# Notation for “is divisible by”

Is there a standard way of writing $a$ is divisible by $b$ in mathematical notation?

From what I've search it seems that writing $a \equiv 0 \pmod b$ is one way? But also you can write $b \mid a$ as well (the middle character is a pipe)? And sometimes that pipe is replaced by $3$ vertical dots?

Or is there a way of writing $a$ is a multiple of $b$ which I think means the same thing?

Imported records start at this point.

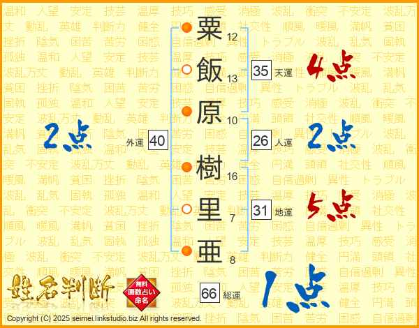 粟(12画)飯(13画)原(10画) 樹(16画)里(7画)亜(8画)
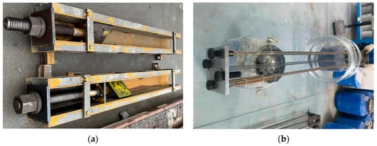 The experiment employed a three-directional six-degree-of-freedom shaking table with a total payload capacity of 20 tons, coupled with a bidirectional laminar shear soil container. To investigate the seismic response of composite reinforcement concrete square piles in soft clay foundations, a single model pile was tested on a shake table. A laminated shear box was used as the model boundary, with the soil container bolted to the table surface, as shown in Figure 1a. The container measured 2.0 m (length) × 1.9 m (width) × 1.85 m (height). To simulate the inertial forces generated by the superstructure, a single mass block (6 tons, designed within the shaking table’s payload constraints) was fixed to the pile top via anchor rods, as shown in Figure 1b. To avoid the failure of the pile-bearing capacity, the pile tip was fixed to the container base, as shown in Figure 1c.
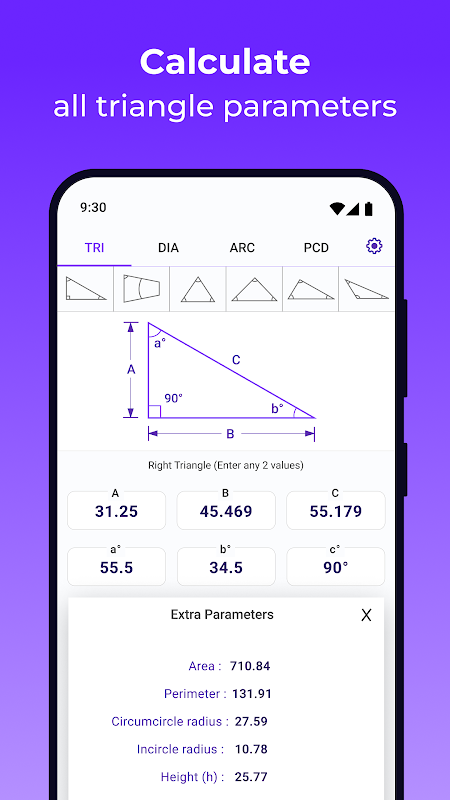 📐 ماشین حساب مثلثاتی همه کاره: با یک برنامه ماشین حساب مثلثاتی که قطر دایره و دایره دایره ای، اندازه گیری قوس و حتی PCD (قطر دایره گام) را برای طیف گسترده ای از اشکال هندسی محاسبه می کند، پتانسیل کامل مثلثات را آزاد کنید.
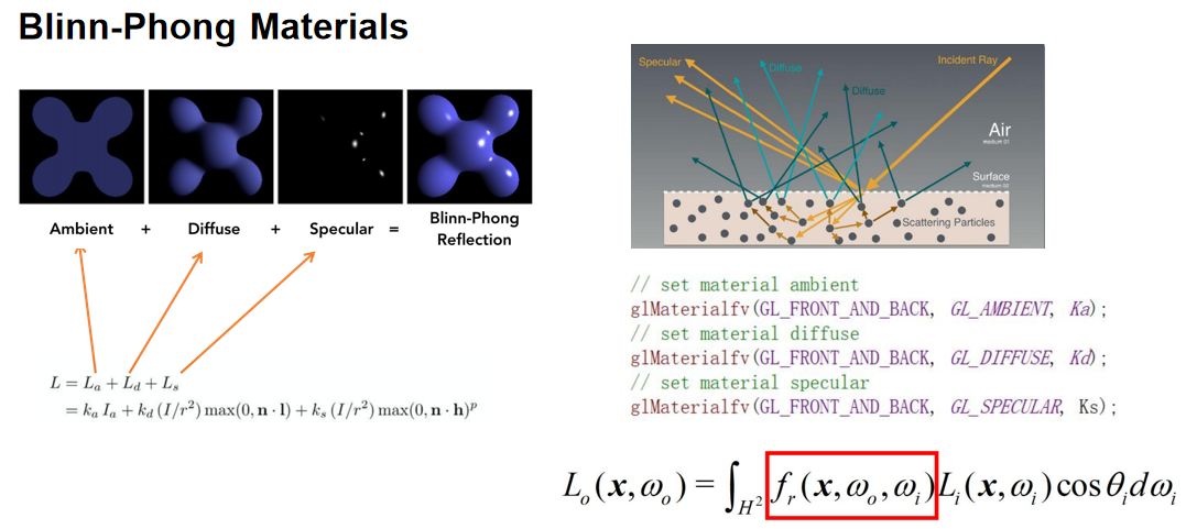 Blinn-Phong 模型将材质反射分解为三个部分:
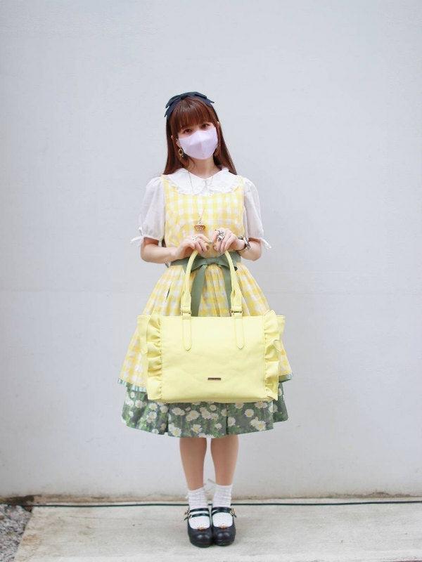 (Goods - Itabag) Luna Haruna x REA RARE Collab OSHI TO DATE (Date With Your Fave) Frilled Tote Bag Honey Citrus [REA RARE]
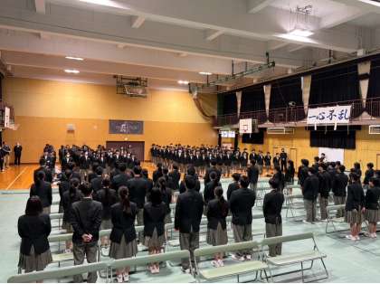 3月11日 3年生を送る会 公開日 2025/03/11 更新日 2025/03/11 できごと 本日1時間目は3年生送る会でした。生徒会のメンバーが中心となり作成した在校生からのビデオメッセージと歌が卒業生に向けて送られました。3年生への感謝の気持ちの一部だけでも伝えることができたのではないでしょうか?3年生からは大きな拍手が送られていました。 いいね(0)
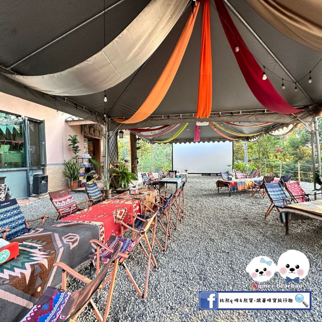 住宿有附早、晚兩餐,晚餐營區提供鴛鴦火鍋吃到飽,邊吃還有素人歌手駐唱點歌的橋段。餐後還能跟三五好友一起享受露天電影院,飯後甜點還有營區升火烤棉花糖。

EDIT: thanks for the answers, is there a way to extend this and write something like: $b \mid a$ when $a = k$

-
 I usually use $|$ – Belgi Apr 22 '12 at 12:48 The standard is $b\mid a$ whic is typeset "b \mid a" in TeX – Andrea Mori Apr 22 '12 at 12:54 en.wikipedia.org/wiki/List_of_mathematical_symbols – pedja Apr 22 '12 at 12:56 @pedja, thanks but that article lists both options – Jonathan. Apr 22 '12 at 13:03 @AndreaMori, why mid? Is it short for something? – Peter Phipps Apr 22 '12 at 13:12

I have seen the following:

• $b \mid a$ that is with $\LaTeX$ \mid
• $a = 0 \mod b$ that is with $\LaTeX$ \mod
• $a = 0 \pmod b$ that is with $\LaTeX$ \pmod
• $a \bmod b = 0$ that is with $\LaTeX$ \bmod
• $a \equiv 0\ (b)$
• $a \equiv_{b} 0$

and of course there is

• $a = bk$ for some $k \in \mathbb{Z}$

-
 Thanks for the list, a mod b = 0 makes the most sense to me. But b|a seems more for use in commentary? – Jonathan. Apr 22 '12 at 13:19 It depends on so many things that I can't tell you this or that way. For me there are three important factors: how often will I use it (more often means less symbols), do I need to use it "in chains" like $a = b = c = d \pmod n$ and do I need to use different $n$-s, e.g. $a \equiv_3 b \equiv_5 c \equiv_7 d$ (which may be confusing but sometimes is helpful). Still, the most important criterion of all is readability. – dtldarek Apr 22 '12 at 13:26

There is also " $a \in b\mathbb Z$ ".

-

I often write that as b divides a

Notation:

$$b \mid a$$

-
 This is the standard way, in the specific meaning of compliance to international standards: ISO 80000-2, clause 2.7-17. Note that the vertical bar character used there is normatively identified as U+2223 DIVIDES (∣), note the common U+007C VERTICAL LINE (|) that we enter directly on a keyboard. It is of course possible to express the same thing using a congruence notation, but only for integers (not e.g. for polynomials). – Jukka K. Korpela Jun 22 '12 at 5:09

Alexander Merkurjev taught me a long time ago the ingenious Russian notation $6 \vdots 2$, which I immediately adopted .
It pleasantly "rhymes" with the equivalent $(6)\subset (2)$

-
 I wonder if you are the unique non-Russian who uses that notation. I didn't think it is used in public outside of Russia (or at least Eastern Europe). – KCd Jan 22 at 13:48

$a \equiv 0 \mod b$ and $b \mid a$ are both common, and their use depends on the context. Given a choice, I use the latter more than the former.

There are others such as $\text{lcm}(a,b)=a$ or $\text{hcf}(a,b)=b$ [or perhaps $\text{gcd}(a,b)=b$ if you prefer] which might also be used when more suitable for the context.

-